Stone's gaze flicked to the space above Caleb's shoulder as if he could see numbers there; he did not ask to. "Seatbelt," he said. "For the time you are here and not elsewhere."

Caleb opened the passenger door and slid in. The sedan smelled like departmental coffee and old armor-all, with a ghost of someone's winter jacket. The buckle clicked across his chest with a sound that felt like a promise if you were generous and a joke if you weren't.

Stone got in beside him, careful with knees and distance, careful with everything. He kept his hands where Caleb could see them and placed one flat on the dash, palm empty. "Talk to me," he said, as Brooks eased them forward and out of the lane. "What did you touch this time."

"Bridge. Two doors, two people, one choice," Caleb said. "Then a switchyard. Train toys scaled up. I routed a cart out without meeting its loud friend."

"Loud friend," Stone said.

"Collision," Caleb said.

Brooks took the turn out of the service lane with the caution of a woman who knows all the ways an afternoon can end in paperwork. "Any injuries."

"Not mine," he said. "Yours are still an open question."

Ms. Parker's sedan slid into view in the rearview, two car lengths back, cautious, law-abiding. She gripped the wheel like someone praying with muscles.

"Timer," Stone said, quiet.

[T—00:32]

"Thirty," Caleb confirmed.

"Brooks," Stone said.

"I heard," she said. They merged onto the campus ring road. Students parted like a school of polite fish. A guy with a longboard looked up, decided not to make eye contact with law enforcement, and coasted into a convenient philosophy.

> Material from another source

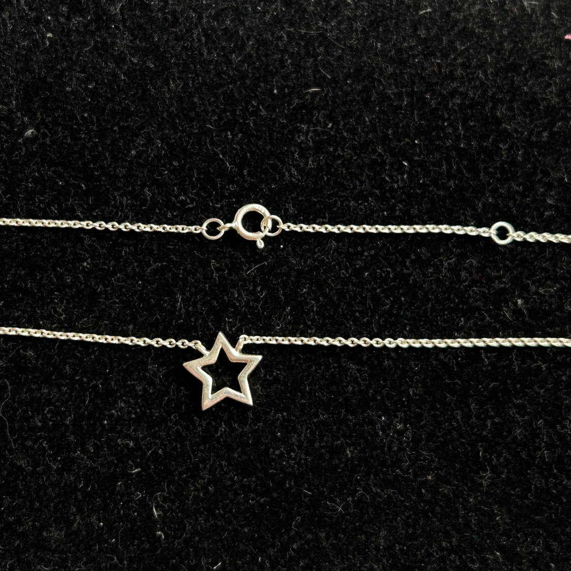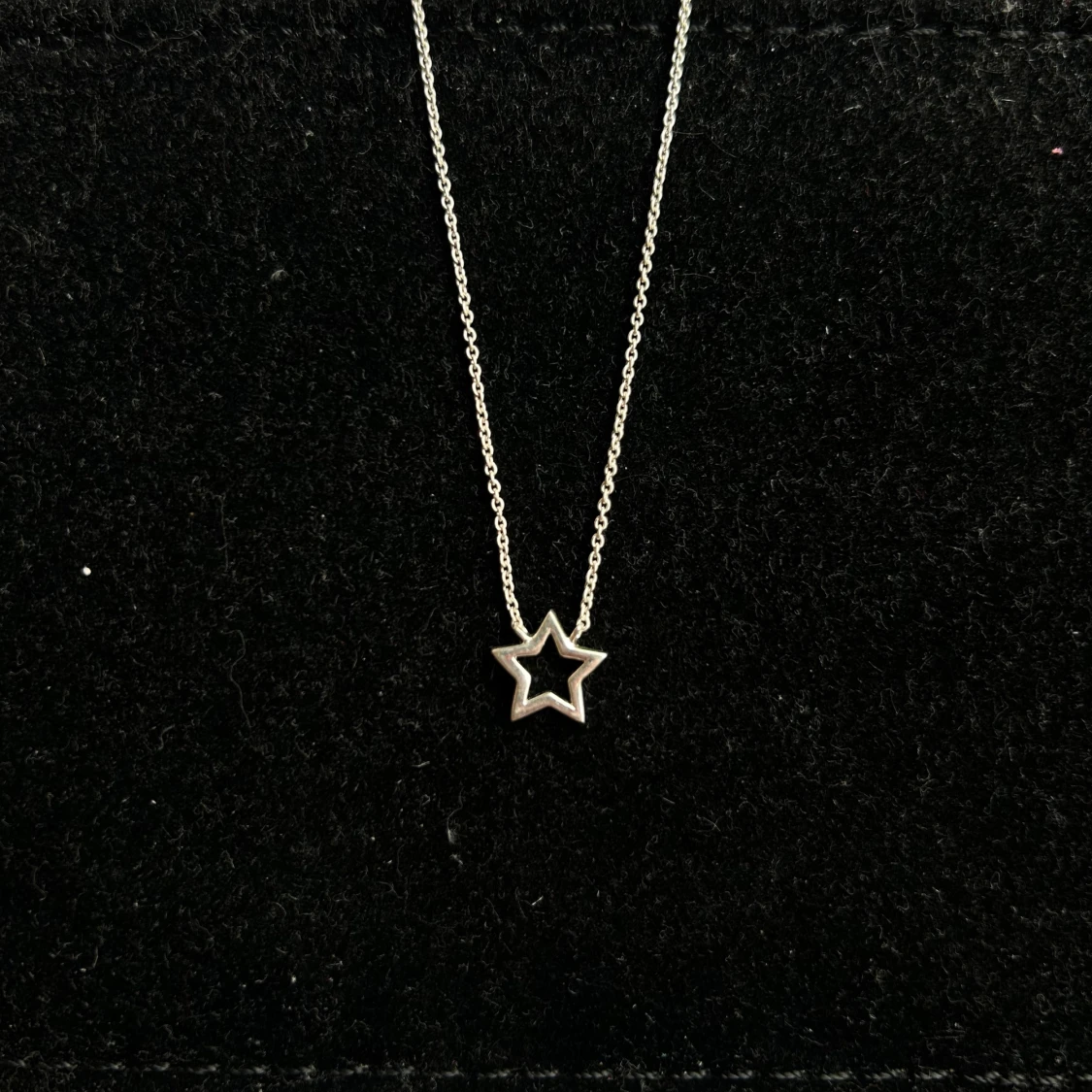 Snyggt halsband i äkta silver med en öppen stjärnformad berlock. Kedjan är tunn och smidig, perfekt för dig som gillar stilrena smycken med en liten twist. Passar till alla tillfällen och är lätt att matcha med andra accessoarer. 42-46cm

Stone faced forward, voice low. "When it starts, I'm going to talk. Not grab. If you go and come back with your hands where I can see them, we're good. If you come back with your hands where I can't, we'll re-evaluate good."

"My hands will be boring," Caleb said. "If we're lucky."

Ms. Parker's voice came from the phone on Stone's knee—he'd toggled the car-to-car without ceremony. "Is there something I should do," she asked, breathy but not panicked.

"Drive sane," Stone said. "If he… leaves… you pull over. Do not get out. Do not call anyone except me. We'll regroup."

"Copy," she said, because facts like to feel military when the day doesn't.

The campus slid by—brick, oak, sun beating itself flatter on glass. A groundskeeper pushed a barrel on rubber wheels and judged the sedan with eyes that had seen too many budget meetings.

Caleb let the seat take his weight just enough to look like a passenger. "Detective," he said softly, "if something tries to reach for me from the ceiling again, don't."

"You've had ceilings try to help," Stone said.

"They try to help like ponds help drowning men," Caleb said.

"Good to know," Stone said, drily.

[T—00:18]

Brooks brought them to a light and didn't try to beat it. The car idled with that impatient smoothness that says nothing about patience. A flyer taped to a light pole flapped, announcing a concert that would be someone's best night and someone else's first disaster.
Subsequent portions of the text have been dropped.